Francis John Haverfield,  (8 November 1860 at Shipston-on-Stour – 1 October 1919) was an English ancient historian, archaeologist, and academic. From 1907 to 1919 he held the Camden Professorship of Ancient History at the University of Oxford.

Education

Educated at Winchester College and New College, University of Oxford. At Oxford he gained a First in Classical Moderations in 1880 and a Second in Literae Humaniores ('Greats', a combination of philosophy and ancient history) in 1883. He worked for a time under Theodor Mommsen. He won the Conington Prize at Oxford in 1891 and in the following year was appointed a Student [Fellow] of Christ Church, Oxford.
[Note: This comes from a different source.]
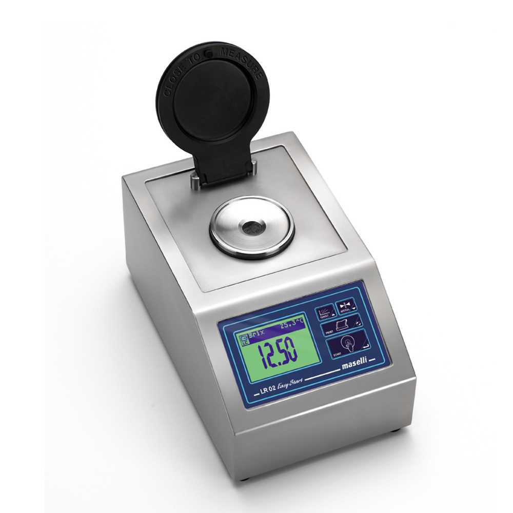 Рефрактометр LR-02 був розроблений італійською компанією Maselli для точного вимірювання з можливістю експлуатації як в лабораторії, так і на виробничій лінії. Саме точність, надійність, компактність та простота в використанні визначають його ключові можливості. Завдяки живленню від акумулятора та ручці для транспортування рефрактометр легко переносити та використовувати без підключення до джерела живлення. Рефрактометр укомплектовано водонепроникною клавіатурою та завдяки конструкції з нержавіючої сталі рефрактометр можна безпечно використовувати безпосередньо на виробництві. Просто опустивши кришку, не натискаючи жодної кнопки, рефрактометр LR-02 «Easy Start» вимірює показник заломлення зразка, обчислює його концентрацію (Brix або визначену користувачем шкалу), відображає інформацію на РК дисплеї з підсвічуванням та може відправляти дані на термо-принтер або ПК. Завдяки сучасним технологіям у розробці, таким як сапфірова призма, довговічне світлодіодне джерело світла та цифровий оптичний датчик CCD з високою роздільною здатністю, гарантується висока точність вимірювання та надійність у використанні.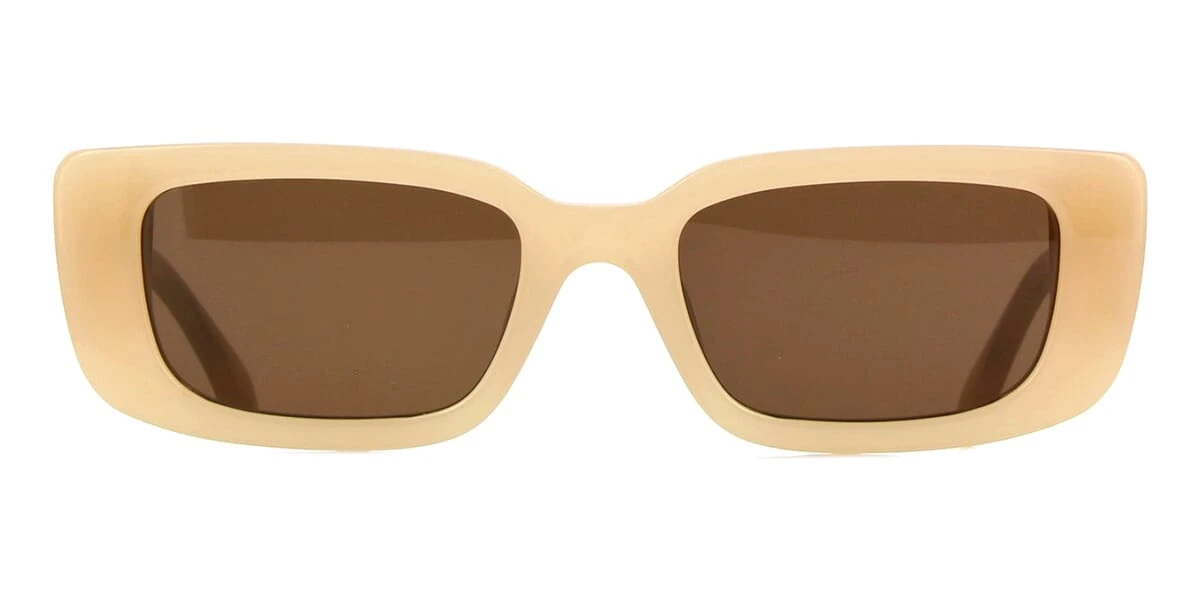 This square Palm Angels sunglass comes in a sand opal frame with brown lenses.

In 1907 he moved to Brasenose College to become Camden Professor of Ancient History.

Work

Haverfield was the first to undertake a scientific study of Roman Britain and is considered by some to be the first theorist to tackle the issue of the Romanization of the Roman Empire. Some consider him the innovator of the discipline of Romano-British archaeology. His works include The Romanization of Roman Britain (1905) (which originated as a lecture to the British Academy and for which he is best known), Ancient Town Planning (1913), and The Roman Occupation of Britain (1924), many monographs, and the authoritative chapters he contributed to the Victoria History of the Counties of England. He excavated the Roman fort at Hardknott, the site of ancient Mediobogdum in Cumbria. He collected and published known Latin inscriptions in Britain.

He gave the Rhind Lectures in 1905 and 1907, on Roman Britain.

Haverfield is credited as playing a prominent role in creation of both the Society for the Promotion of Roman Studies and the British School at Rome.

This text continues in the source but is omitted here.